To add a new endpoint: add its tag under the correct existing group. To create a new group: add a new `- name:` block (but check with the team first — don't invent groups).

## Common mistakes

1. **Endpoint doesn't show in sidebar** — tag is missing from `x-tagGroups`.
2. **Tag missing from `tags:` section** — even if it's in `x-tagGroups`, the tag must also be declared in the `tags:` list near the end of the file.
3. **Schema field mismatch** — field name in openapi.yaml doesn't match backend serializer (e.g. `camelCase` vs `snake_case`, or `handle` vs `username`).
4. **Invented constraints** — do not add `enum`, `minItems`, `maxItems`, `description`, or any other constraint that is not in the backend serializer. The backend is the **only** source of truth.
5. **Missing content types** — `requestBody` must include all three: `application/json`, `application/x-www-form-urlencoded`, `multipart/form-data`.

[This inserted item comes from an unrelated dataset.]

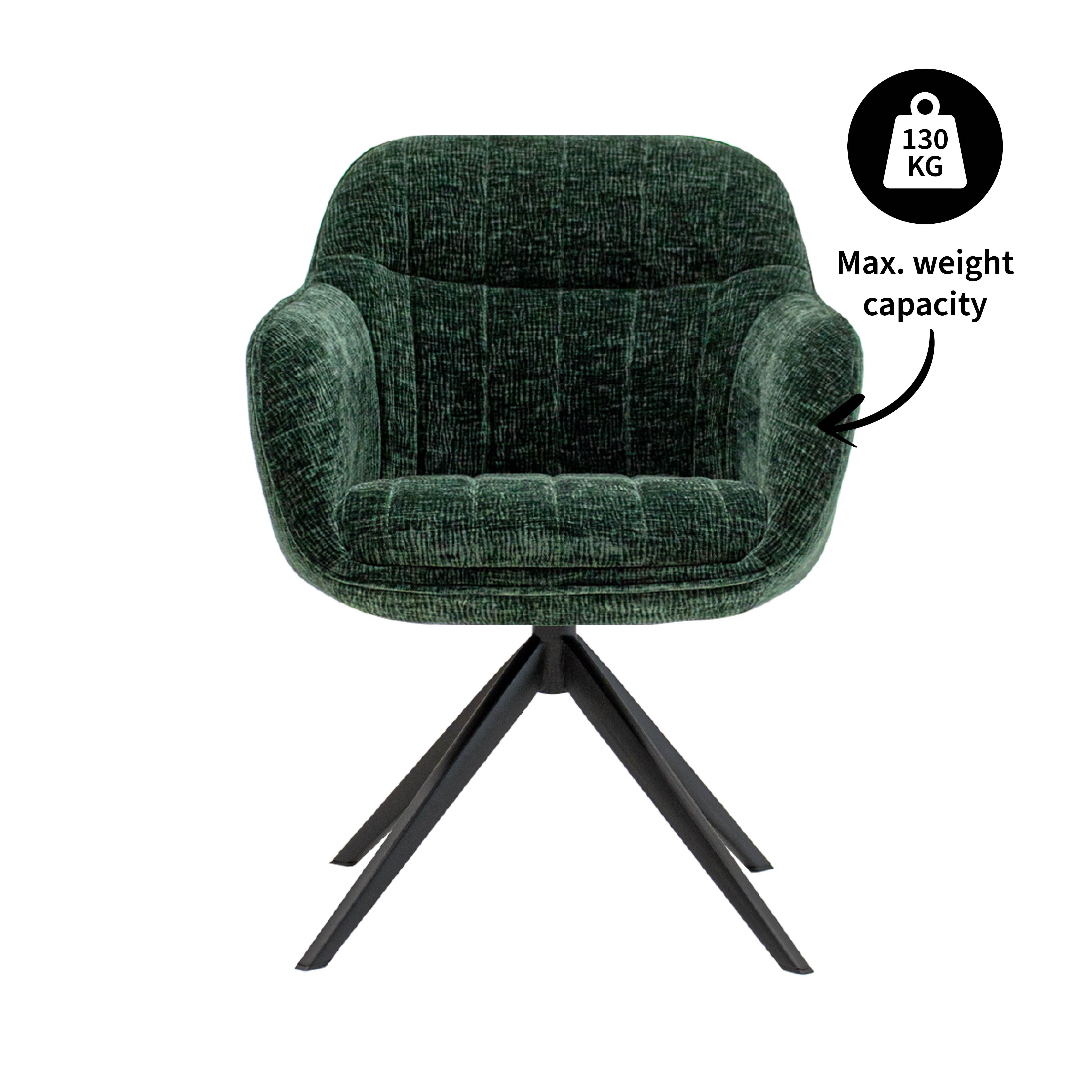 STAN is bekleed met een luxe velvet stof, geïnspireerd op wildlife prints met een chique twist. De zachte zitting met armleuningen biedt ultiem comfort en staat op een stevig 360 graden draaibaar onderstel. Of je nu dineert, werkt of ontspant – met STAN draai je letterlijk alle kanten op. Kies uit vier stijlvolle kleuren en mix & match jouw perfecte set.

6. **Broken YAML string** — unescaped single quote inside a single-quoted description. Use `''` (doubled) to escape.
7. **Missing trailing slash** — paths must end with `/` to match the Django URL config.
8. **Wrong operationId** — must follow the `public_v1_{path}_{method}` convention. Django generates these automatically; copy from the backend's generated schema if available.
9. **Forgetting the AI prompt div** — the `<div class="ic-ai-prompt-root" data-endpoint="..."></div>` must be present at the end of every endpoint description for the prompt builder card to render.
10. **Nullable without allow_null** — only add `nullable: true` if the backend serializer explicitly has `allow_null=True`. Don't add it by default.